This article discusses the history of natalizumab (Tysabri), the first monoclonal antibody used to treat multiple sclerosis. It reviews how the drug's difficult beginnings and controversial past has changed the treatment is monitored treatment. The article looks at the role of clinicians in maintaining patient safety, the benefits and risk profile of this treatment, and ways of optimising practice to provide gold standard nationalised natalizumab services throughout the UK.

Multiple sclerosis (MS) is the most common neurological disease in young adults, affecting about 100 000 people in the UK (MS Trust, 2018). MS is an autoimmune disease of the central nervous system (CNS), which causes demylenation. Its symptoms result from inflammatory injury and neurodegeneration. In MS, autoreactive lymphocytes cross the blood brain barrier (BBB) and enter the CNS, causing inflammation, neuronal demyelination, axonal damage, and neurological degeneration and dysfunction (Bradstander and Katz Sand, 2017).
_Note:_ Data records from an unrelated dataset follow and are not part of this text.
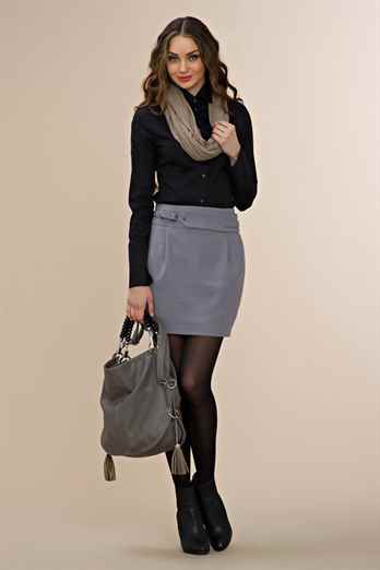 С чем сочетать серую юбку? Поэтому его можно комбинировать с широкой гаммой пастельных и насыщенных цветов. Серый прекрасно гармонирует с красным. Бежевый цвет смотрится эффектно на фоне серой юбки. Он займет достойное место в комплекте взамен кукольных розовых и сиреневых оттенков.
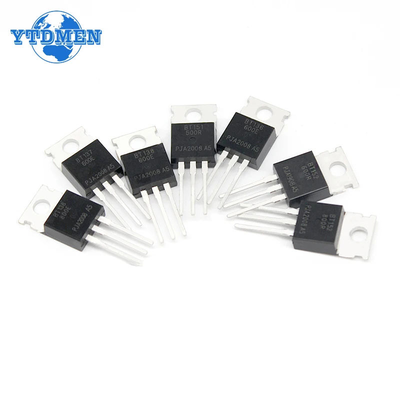 - Tension: 600V (BT136-600E, BT137-600E, BT138-600E, BT138-800E, BT152-600R), 800V (BT151-500R, BTA06-600C)
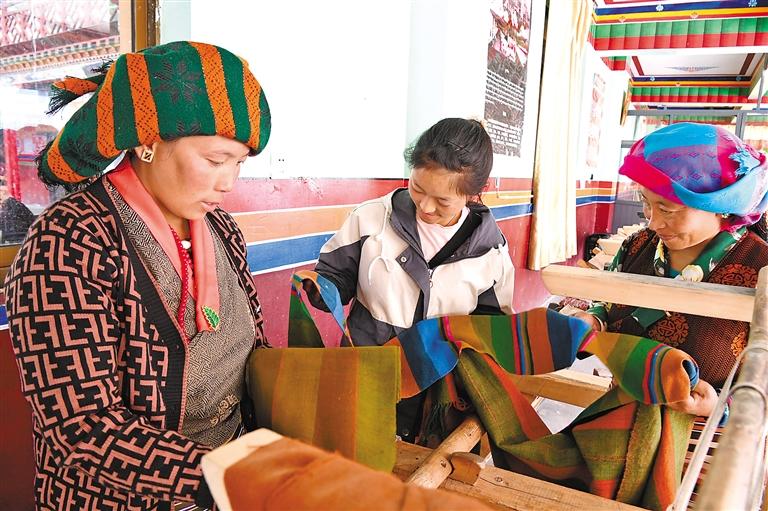 圖為日喀則市仁布縣康雄鄉(xiāng)亞德細褐羊毛織品農(nóng)民專業(yè)合作社的編制能手在傳授編制技藝。記者 李洲 攝
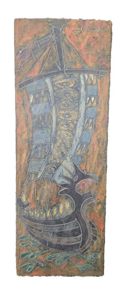JEHAN Christophe (1961)-grande plaque de bois panneau de particules agglomérées gravée et réhaussée de peinture. Elle représente un DRAKKAR peinte dans les tons chaleureux. Elle est signée en haut à droite JEHAN. Oeuvre très originale !
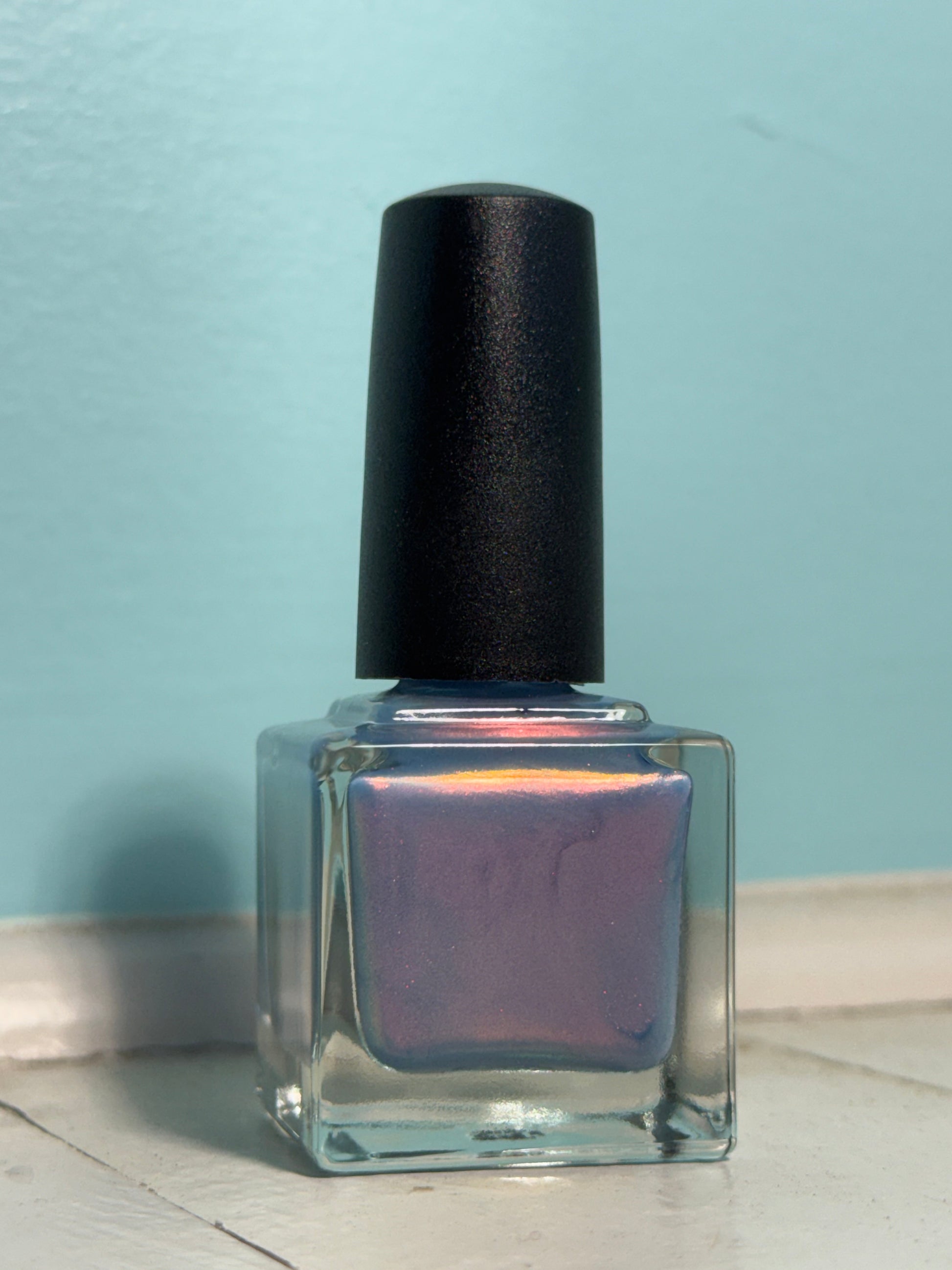A pastel denim blue with a hazy pink to orange shimmer

MS is classified into three main types: relapsing remitting multiple sclerosis (RRMS), secondary progressive multiple sclerosis (SPMS) and primary progressive multiple sclerosis (PPMS). RRMS affects 85% of the MS population (MS Trust, 2018). It is categorised by episodes of new or worsening symptoms that last for more than 48 hours (relapse) followed by periods of recovery and remission (remission). This type of MS is more prevalent in 20–30-year-old women. There are a number of disease modifying therapies (DMTs) that aim to reduce the impact of relapses and the accumulation of disability. Each of these treatments has different mode of action, efficacy, route of administration and licencing criteria. The medication chosen for someone with MS will be a decision for the patient and their neurologist to make together by looking at the patient's disease activity, lifestyle and life choices (ie starting a family) (NHS England, 2018).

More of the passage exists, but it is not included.